Aldridge, who spent his first nine seasons in Portland, remains second on the team’s career scoring list, with Lillard likely to pass him soon. They had a strained relationship during their three years as teammates that was caused by a sense of awkwardness rather than any specific incident. With Aldridge as an established veteran and Lillard as a high lottery pick who was billed as the team’s future star, they never figured out how to relate to one another. The resulting tension played a role in Aldridge’s decision to leave in free agency in 2015.
Jamal Crawford eventually took on the role as peacemaker, encouraging Lillard and Aldridge to reach out to one another. Their relationship has improved to the point that Aldridge is considering a reunion.

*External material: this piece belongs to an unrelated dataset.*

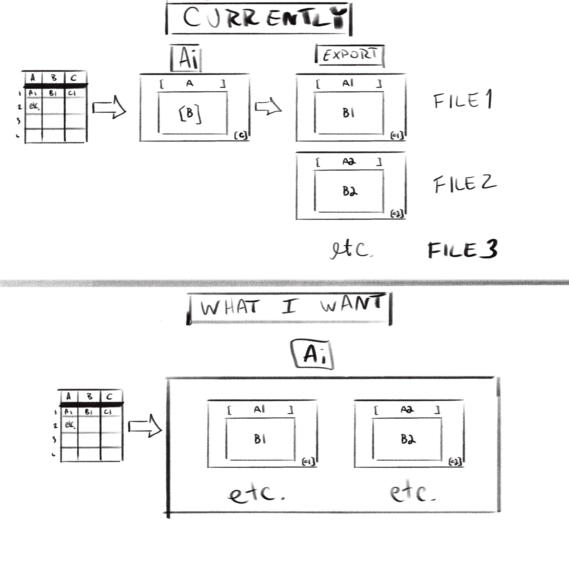I've read through this article about variables in Illustrator (Merge data to create data-driven graphics through templates and variables in Illustrator) and I only see a way to export each record/index from the data set into its own file.

“You never know,” he said. “But of course, if we had a better relationship, it changes the whole outlook of how it went. It’s sad that not talking like we do now could have changed history. But everything happens for a reason. He has flourished in that role, and I keep telling him I’m going to come back and finish there. That’s something him and I have talked about — playing together again.”
Aldridge returning to Portland is unlikely to happen soon. He is signed through the 2020/21 season, making $50MM over the next two years. He has put together back-to-back All-Star appearances and is the second-leading scorer on a Spurs team that has risen to sixth in the West, so there’s no reason for San Antonio to put him on the trading block.
Aldridge will be nearly 36 when he hits free agency in the summer of 2021, so he may decide that’s when he wants to to end his career in Portland. He admits he handled the situation with Lillard poorly and wouldn’t mind returning to the Blazers to make amends.
“I didn’t want to make him think I was stifling his growth, or have a mindset that I was hating on him, so I didn’t say anything to him,” Aldridge said. “That was the wrong approach, because he told me he would have liked guidance and a big brother.”